[Aim of the task] Give again only what runs from the line with "2026年3月27日,萍乡学" to the final line of the entries below, exactly as written and without pictures.

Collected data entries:
------------------------
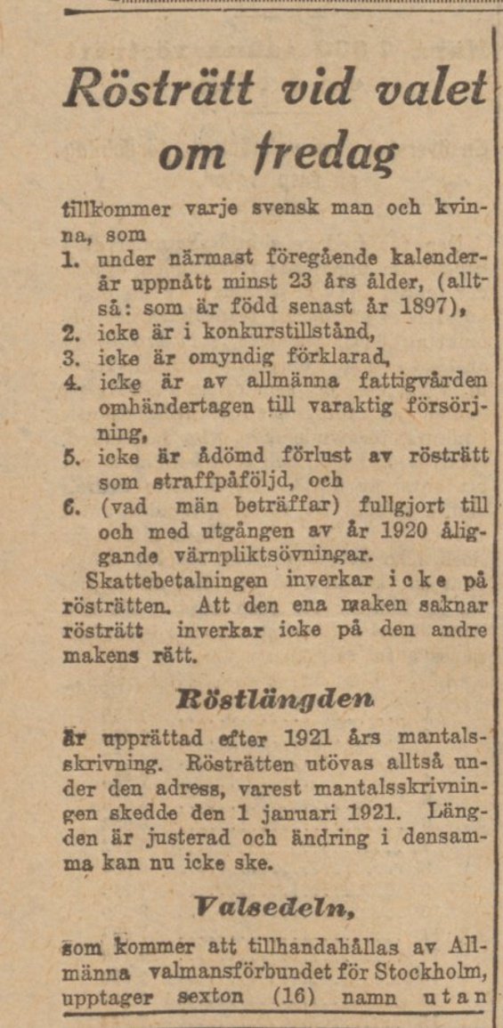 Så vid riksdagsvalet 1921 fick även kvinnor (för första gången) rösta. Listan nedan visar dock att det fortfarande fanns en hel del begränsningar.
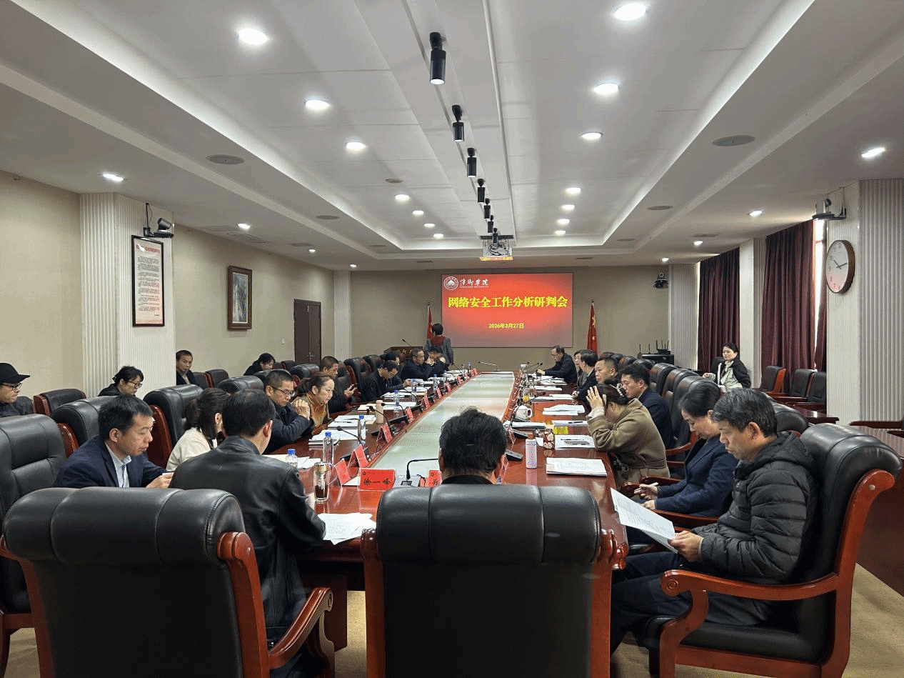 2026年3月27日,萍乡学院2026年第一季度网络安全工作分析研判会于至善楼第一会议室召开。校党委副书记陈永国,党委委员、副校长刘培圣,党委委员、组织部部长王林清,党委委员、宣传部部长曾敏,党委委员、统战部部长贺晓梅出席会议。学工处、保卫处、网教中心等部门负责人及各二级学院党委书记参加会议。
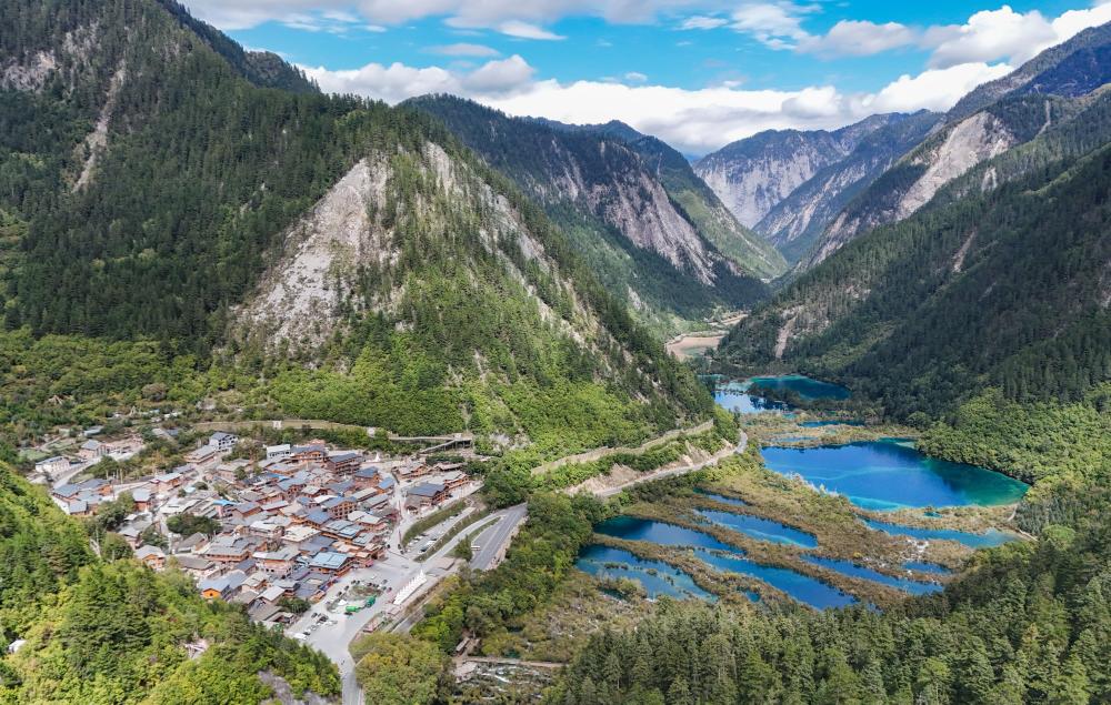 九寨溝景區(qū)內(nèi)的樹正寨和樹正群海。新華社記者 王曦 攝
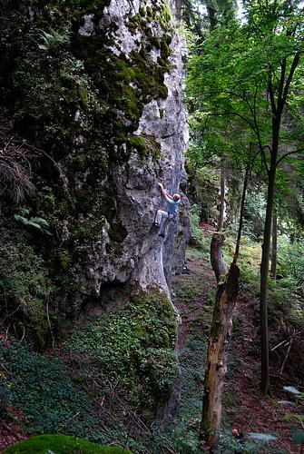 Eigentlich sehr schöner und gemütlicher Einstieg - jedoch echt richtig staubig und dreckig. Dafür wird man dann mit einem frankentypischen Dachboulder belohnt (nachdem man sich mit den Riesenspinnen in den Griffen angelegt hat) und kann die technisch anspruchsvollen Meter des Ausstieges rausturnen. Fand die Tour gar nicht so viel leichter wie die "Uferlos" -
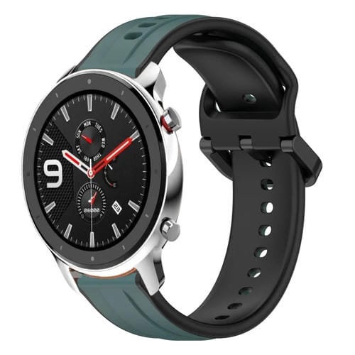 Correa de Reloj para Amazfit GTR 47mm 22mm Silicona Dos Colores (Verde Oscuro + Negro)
------------------------
[Response]
 2026年3月27日,萍乡学院2026年第一季度网络安全工作分析研判会于至善楼第一会议室召开。校党委副书记陈永国,党委委员、副校长刘培圣,党委委员、组织部部长王林清,党委委员、宣传部部长曾敏,党委委员、统战部部长贺晓梅出席会议。学工处、保卫处、网教中心等部门负责人及各二级学院党委书记参加会议。
 九寨溝景區(qū)內(nèi)的樹正寨和樹正群海。新華社記者 王曦 攝
 Eigentlich sehr schöner und gemütlicher Einstieg - jedoch echt richtig staubig und dreckig. Dafür wird man dann mit einem frankentypischen Dachboulder belohnt (nachdem man sich mit den Riesenspinnen in den Griffen angelegt hat) und kann die technisch anspruchsvollen Meter des Ausstieges rausturnen. Fand die Tour gar nicht so viel leichter wie die "Uferlos" -
 Correa de Reloj para Amazfit GTR 47mm 22mm Silicona Dos Colores (Verde Oscuro + Negro)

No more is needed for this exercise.